Rachel was avidly reading the brochure from front to back. At least one of us will know what to do when some venomous viper sucking spider attacks us, he thought cynically.

Several long, narrow, boats were beached on the pebbly shore, with a group of men standing around talking and smoking, dressed in t-shirts, jeans, and baseball caps.

One of the men pasted on a smile and hurried forward as the van bumped towards the landing. His smile grew wider when Rachel stepped out of the van. “Hello, I’m Mehdi.

Welcome. Very nice to be seeing you.”

Huge outboard engines were attached to the sterns of the metal canoes. Mehdi shouted to the other men who immediately manhandled one of the boats into the shallow water. Mehdi motioned for Rachel and Turnball to follow, wadding up to their knees to the side of canoe. Rachel stepped lightly over the gunwale to settle. Turnball followed, awkwardly, nearly tipping the canoe, but Mehdi caught him to guide him in, then settled in behind them, the driver behind him.

The remaining men gave an immense shove and the canoe floated into the river, while the man in the back pulled over and over on the rope attached to the oversized Mercury outboard. Ali and Hamid stood beside the van, shouting, “See you. See you.” Or at least Ali shouted and waved. Hamid stood with his arms crossed, staring at them.

Rachel waved back, “See you tomorrow evening.” Turnball gripped both sides of the boat and stared straight ahead, reassured when he heard the Mercury outboard roar to life.

The canoe shot forward as the outboard’s propellers bit into the deep channel. The breeze was refreshing and Turnball relaxed for the first time since leaving the resort, although he had to be careful not to shift around too much, causing the boat to roll with his weight.

After a while, even with the breeze, the sun began to bake. He noted the thick shade that covered both banks and yelled back at Mehdi “Can’t we ride in the shade?”

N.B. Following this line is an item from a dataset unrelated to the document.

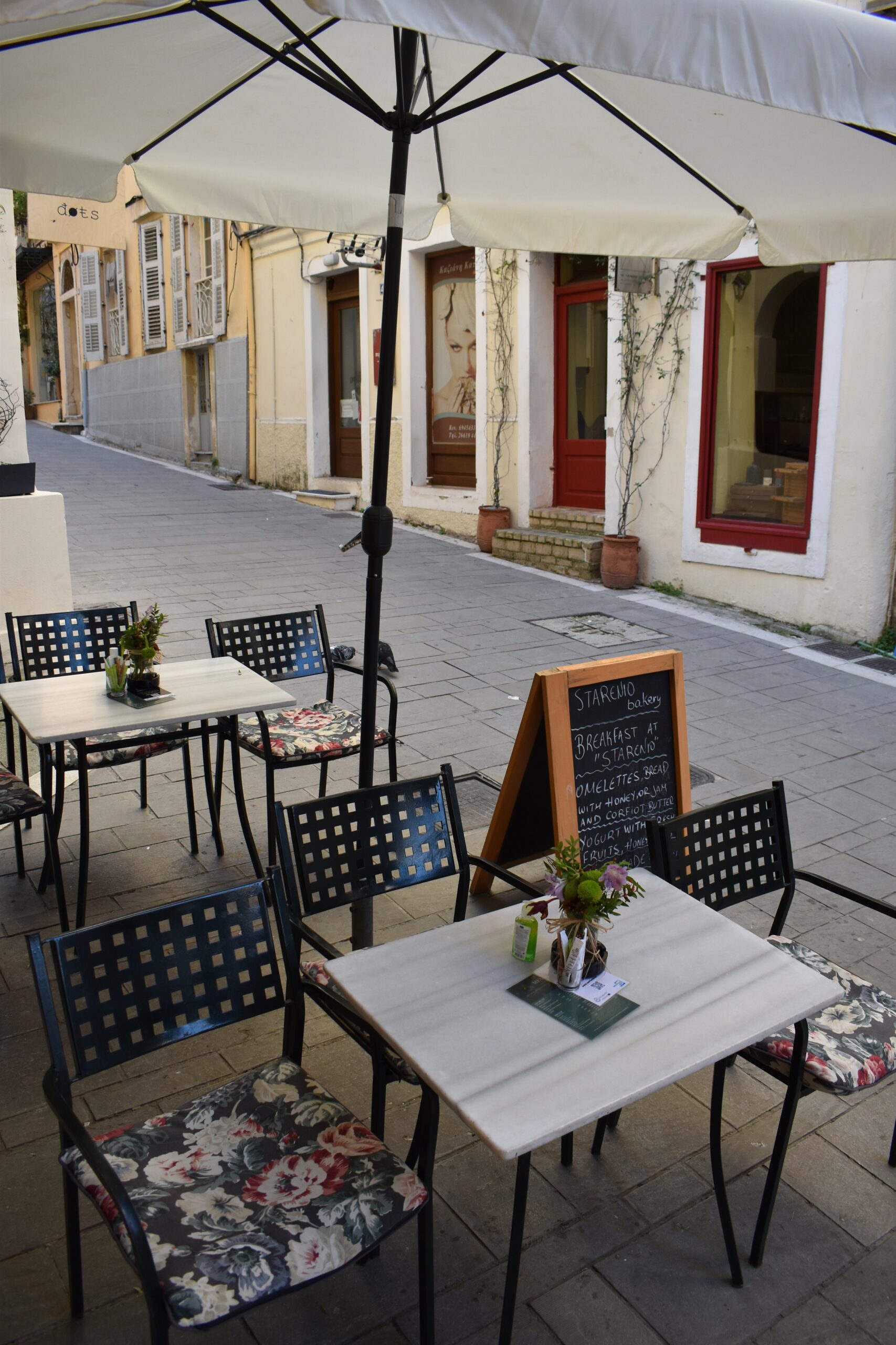 Αγαπημένη πρωινή στάση των ντόπιων είναι ο μικρός φούρνος-καφέ Σταρένιο, στη βόρεια άκρη της πλατείας, επί της οδού Γκίλφορδ. Εδώ και χρόνια, ο πάντα χαμογελαστός ιδιοκτήτης και το εξυπηρετικό προσωπικό σερβίρουν μια μεγάλη ποικιλία από πεντανόστιμες, σπιτικές πίτες στα μικρά τραπεζάκια που απλώνονται πάνω στον κατηφορικό πεζόδρομο: βρίσκει κανείς και κλασικές επιλογές, μα και άλλες, με πρωτότυπους συνδυασμούς υλικών στη γέμιση. Το μικρό και φροντισμένο μαγαζάκι είναι λοιπόν ένα πολύ γραφικό σημείο για να πάρετε το πρωινό σας, όταν η ατμόσφαιρα στην πλατεία και τα γύρω δρομάκια είναι ακόμη ήσυχη. Μαζί δε με τον καφέ ή τον χυμό σας μπορείτε να δοκιμάσετε και τα χειροποίητα μπισκότα ή κάποιο από τα δελεαστικά γλυκά ημέρας, όπως την εξαιρετική μηλόπιτα. Η δε τοποθεσία το καθιστά ιδανικό για μια πανοραμική άποψη της πλατείας, αλλά και για χάζι των περαστικών ή των εμπόρων της περιοχής που ανοίγουν εκείνη την ώρα τα μαγαζιά τους.
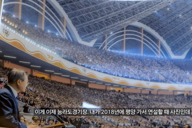 문 전 대통령은 '이 책의 저자처럼 본인도 유의미한 물건을 수집해 놓은 것이 있느냐'는 진행자 질문을 받고 2018년 평양 방문 당시 연설 장면을 찍은 'B컷' 사진과 강원 고성군 전방초소(GP)를 촬영한 사진 등 2점의 사진을 들어 보였다.

Mehdi couldn’t hear him over the outboard but Rachel passed the message along. Mehdi said something and laughed. Rachel grinned and shouted over the noise, ”Mehdi says that is no good. Sometimes the snakes fall out of the trees into the boats. He also says you should not drag your hand in the water. There are sometimes bad things in the water.”

Turnball said, “Shit,” jerking his hand out of the water. It took forty minutes to arrive at the long house landing. Another collection of canoes with oversized outboards were waiting on that beach, with more men sitting around talking and smoking. A handful of naked children splashed in the shallows and waved to them. The driver killed the motor as several men waded out to pull the canoe to the shore. Mehdi was quickly out of the boat, shouting, “Come. Come.”

Rachel slipped over the side and into the water. Turnball started but again tipped the boat. Two men grabbed him by the armpits to save him from a face flop into the river. No one laughed but he suspected they were snickering behind his back.

Mehdi had Rachel by the arm, leading her to the grass beyond the beach. Turnball heard, smelled, and then spotted a pigpen, while chickens grubbed in the dirt in front of him. The clearing was dominated by an immense hovel with a corrugated tin roof, built on stilts. “Your time is good,” Mehdi said. “We have time to talk, then some dances, maybe some shopping, and then supper.”

Shopping? Dances?

A huge log notched with footholds substituted as a ladder led up the veranda, which appeared to be an endless front porch, the length of two football fields. A crowd of people, mostly women and children, milled around in small groups, gossiping, sewing, cooking, and napping on the porch floor. No one paid any attention to them. Mehdi led them to a large straw mat, chasing away a gaggle of children. “Wait here. I will find the Chief to welcome you. He will be pleased to talk to you.”

“I thought they were expecting us,” Turnball said.

“But they didn’t know exactly when we would get here,” Rachel replied.

They surveyed the veranda: a blend of Main Street and front porch for twenty or more families that lived in the rooms that opened onto the deck. The only “primitives” Turnball saw were a few scraggly toothed, bare chested old women in sarongs. The younger women wore flowered print ankle length dresses that were fashionable in Kansas in the 1940’s.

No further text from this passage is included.